Homotopy perturbation method for studying dissipative nonplanar solitons in an electronegative complex plasma

The characteristic behavior of dissipative nonplanar (cylidrical and spherical) solitons in a collisional electronegative complex plasma consisting of inertia cold positive ion and inertialess Maxwellian negative ion and electron in addition to immoble negatively charged dust grains are investigated. Motivated by the laboratory experiment of Ghim and Hershkowitz [Y. Ghim (Kim) and N. Hershkowitz, Appl. Phys. Lett. 94, 151503 (2009)], the nonplanar hydrodynamic equations of the present plasma model are reduced to the damped nonplanar Korteweg-de Vries (dnKdV) equation using the reductive perturbation method (RPM).

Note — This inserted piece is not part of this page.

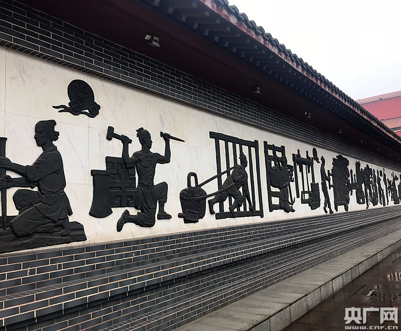 鋼之源浮雕,采用青銅鑄造,以“鋼鐵是怎樣煉成”為主題,完整的展示鋼鐵煉制過(guò)程。(央廣網(wǎng)記者何微攝) -

This equation is used to investigate the characteristics and dynamics of dissipative nonplanar solitons in a collisional electronegative dusty plasma. It is known that the dnKdV equation does not admit analytical solution due to the linear term (the ion-neutral collision term and the geometrical term). Thus, one of the most effective numerical methods will be used to find the dissipative nonplanar soliton solution for this equation. The numerical method used in our analysis called the homotopy perturbation method (HPM). The analytical solution of KdV equation in the absence of the linear term of the dnkdv equation is used in our numerical analysis as an initial condition/solution and the boundary conditions are identified precisely. The numerical results showed that this method is more stable, convergent, and easier than other numerical methods. In addition, this method reaches to the exact solution within a few iterations. The influence of damping term and relevant plasma configuration parameters on the soliton profile is reported.